PALIO WEEKEND A Case for Figurative Art Today
Jul 242011

There are many voices from the past that would lead one to accept the broadest, grandest view of Rembrandt. It is difficult to comprehend how the academics missed them.
J.von Sandrart wrote – he was fascinated by every manifestation of art…..he made skillful use of reflections…….his subject matter was usually taken from everyday life…etc
F.Baldinucci wrote – one can barely make out the other figures from one another though they had all been painted from life and with great care…the knowledge that his prospective clients had to sit for him for two or three months caused few people to commission him…etc
A.Felibien wrote – how one can get any satisfaction from looking at such badly finished pictures….so gross as to make one believe that it is only half-sketched etc.
R.de Piles wrote – he himself said that his art was the imitation of nature and, since this included everything, he collected ancient suit of armour, ancient musical instruments, old clothes and a multitude of ancient, embroidered cloths,… all one finds (in Rembrandt) is what the character of his country, filtered through a vivid imagination, is capable of producing….he had a wonderful talent for reproducing concrete subjects…..Even though his outlines may not be correct. His drawings themselves are full of sensitivity etc
A.Houbraken wrote – so many variations and so many different aspects of one and the same subject. This was the result of careful observation…..with his tendency to change and turn to some new experience. He only half finished a great number of his paintings, and a still greater number of his etchings. Only the ones he did finish can give us any idea of the beauty we could have expected from his works had he completed them as he started them. Etc

One could go on and on there is so much evidence of the great, experimental Rembrandt that I have rediscovered, as opposed to the small-minded, less interesting “leaner, fitter Rembrandt” favoured by the experts. What were all those old clothes for if not to equip his models? Every one of his contemporaries tells the same story that favours my interpretation of the facts and the interpretation of previous scholars.

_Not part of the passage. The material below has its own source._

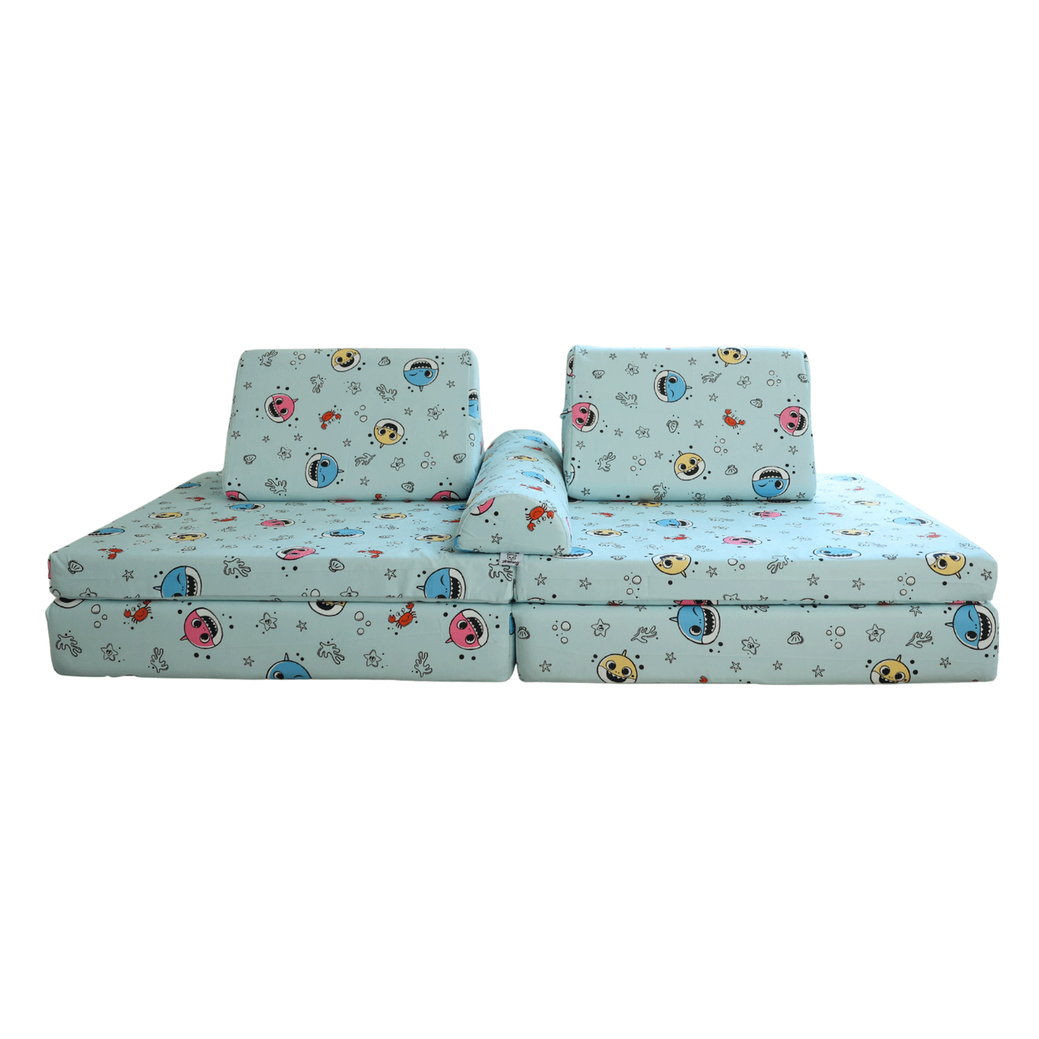 Baby Shark™ x Roo & You™ Play Couch with ocean-themed cover set.

Among the epithets flung at me by Van der Wetering at our encounter was “you hate art historians” in fact I feel very sorry for them. POOR, BLIND , MICE, one might say – but they are dangerous – somehow they have got hold of the “carving knife” that guides our culture. Probably because they produce unanimous decisions on very expensive art objects, where artists could be guaranteed to argue. We would be better off with the discussion. The unanimity is due to the hierarchical constitution of art history, sticking together for strength; it works! But has caused disaster.

They have stuck together successfully stopping me reaching a wider public in spite of my superior evidence (for 36 years). This could constitute reason for hate, were not my character so charitably inclined to sympathy. One should be allowed to go on criticizing an institution that is damaging to us all, without accusations of hate.